EXERCISE BRIEF | If pictures appear among the lines below, leave them out while you return exactly the lines from the one with "刚果(金)叛军领袖与他的士兵热情握手 copyright 中华人民共和国图鉴社" through the one with "更に、ポルノグラフィティに関".

INFORMATION |
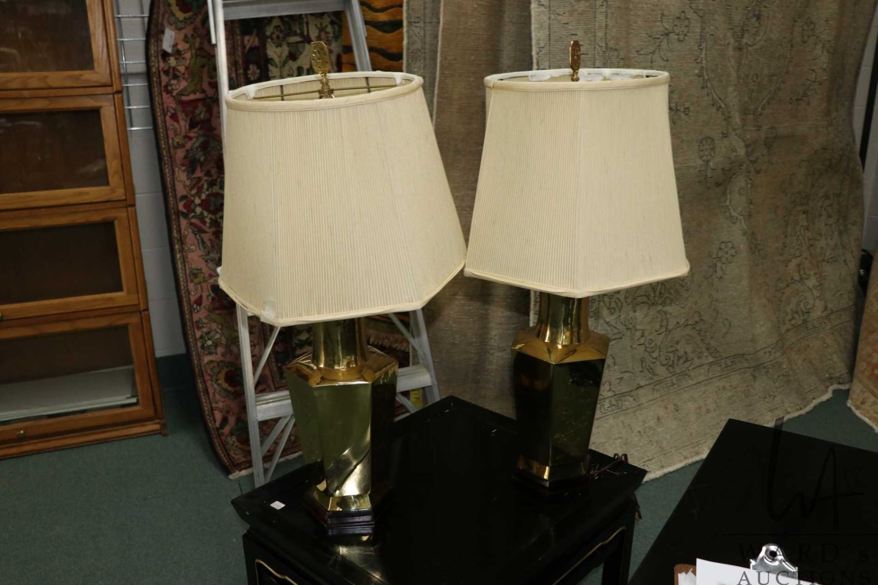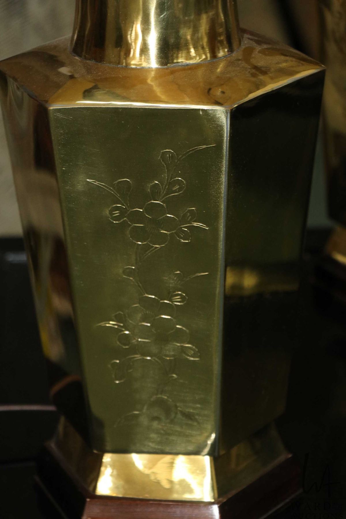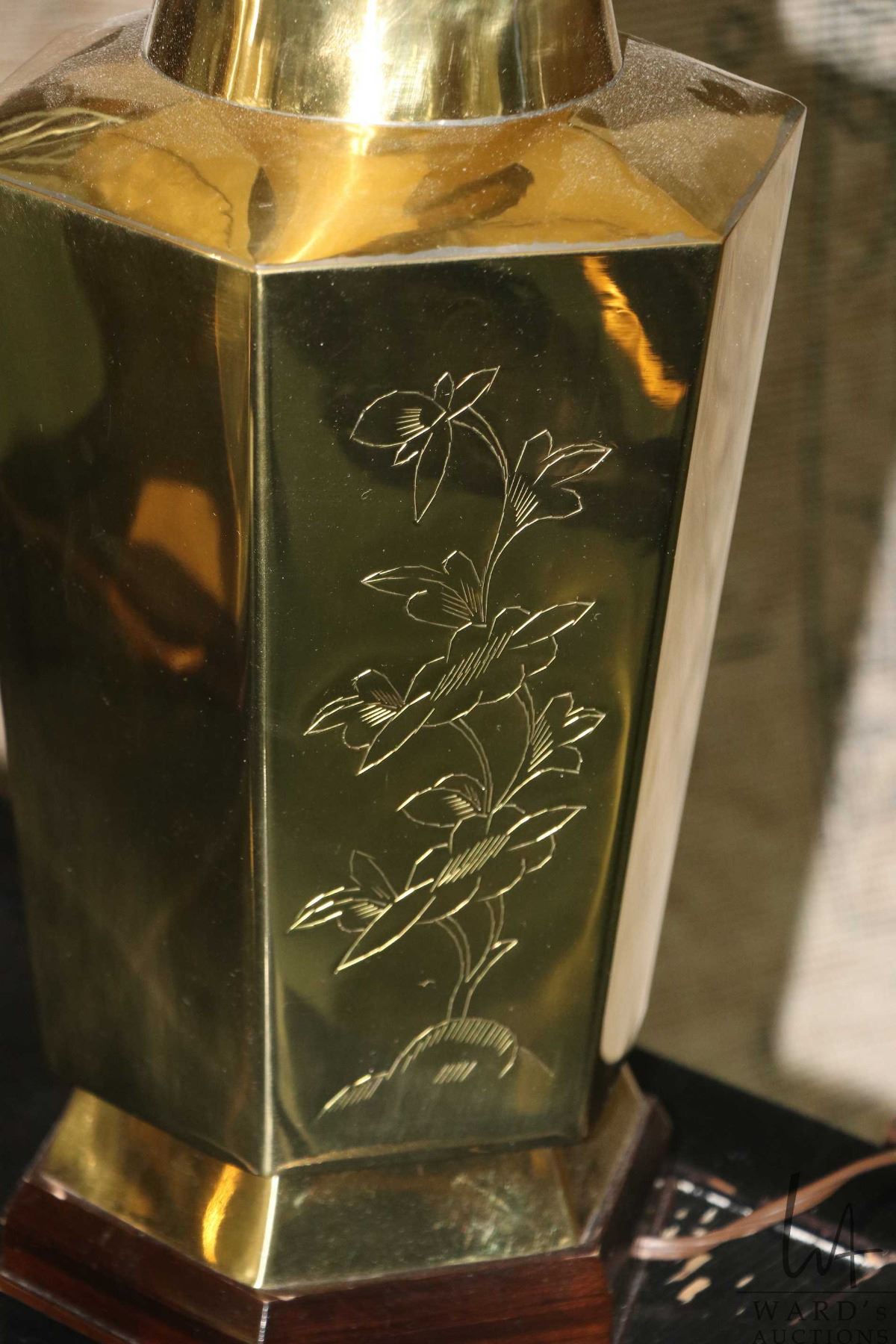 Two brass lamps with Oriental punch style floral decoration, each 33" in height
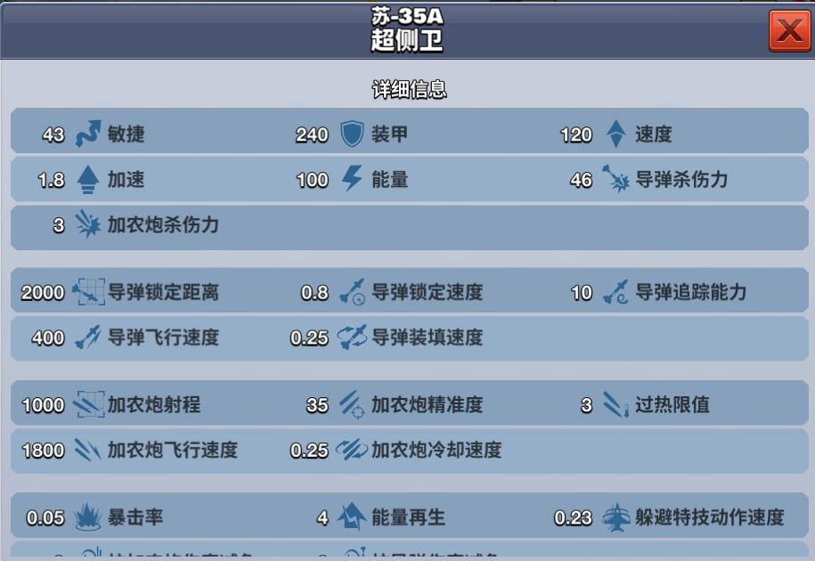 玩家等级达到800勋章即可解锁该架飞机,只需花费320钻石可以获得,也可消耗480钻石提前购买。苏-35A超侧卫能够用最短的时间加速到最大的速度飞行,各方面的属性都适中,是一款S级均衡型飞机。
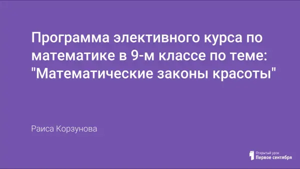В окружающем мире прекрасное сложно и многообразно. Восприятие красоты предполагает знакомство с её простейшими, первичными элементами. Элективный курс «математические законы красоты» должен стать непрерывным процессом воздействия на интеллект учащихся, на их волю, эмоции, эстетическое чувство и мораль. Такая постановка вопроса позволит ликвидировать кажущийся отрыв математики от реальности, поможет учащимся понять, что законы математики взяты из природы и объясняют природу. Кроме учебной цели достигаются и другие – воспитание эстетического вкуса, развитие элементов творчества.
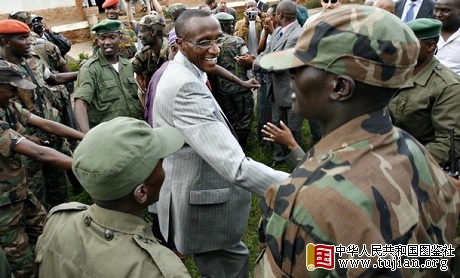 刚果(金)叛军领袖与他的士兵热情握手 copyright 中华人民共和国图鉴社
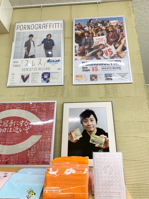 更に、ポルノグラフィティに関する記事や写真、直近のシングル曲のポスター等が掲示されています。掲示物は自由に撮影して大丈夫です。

---

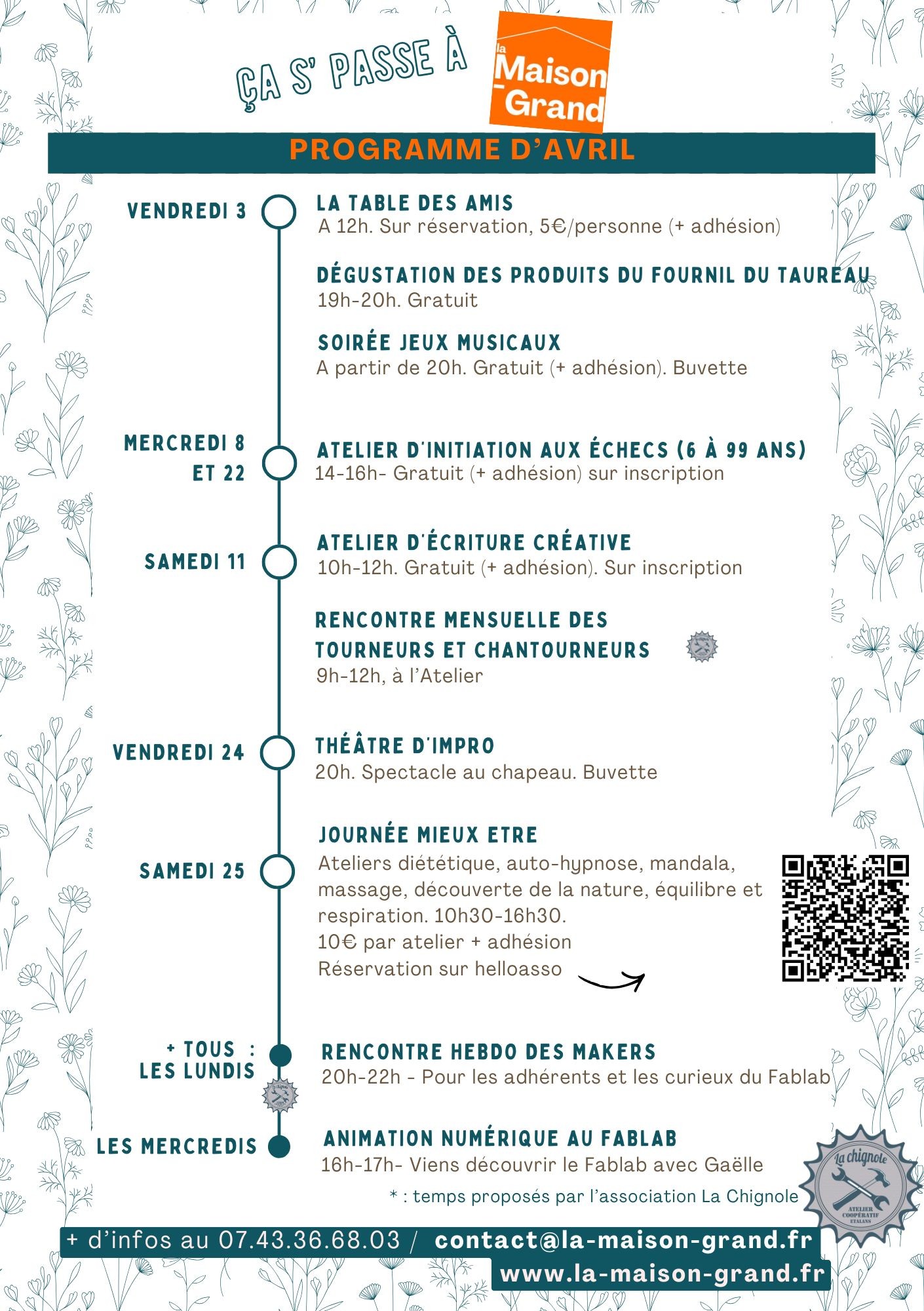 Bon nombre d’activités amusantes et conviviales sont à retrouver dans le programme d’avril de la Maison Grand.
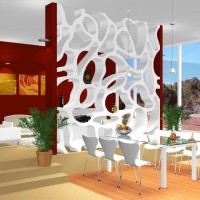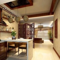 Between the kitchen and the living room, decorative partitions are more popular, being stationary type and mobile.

SOLUTION TO THE EXERCISE |
 刚果(金)叛军领袖与他的士兵热情握手 copyright 中华人民共和国图鉴社
 更に、ポルノグラフィティに関する記事や写真、直近のシングル曲のポスター等が掲示されています。掲示物は自由に撮影して大丈夫です。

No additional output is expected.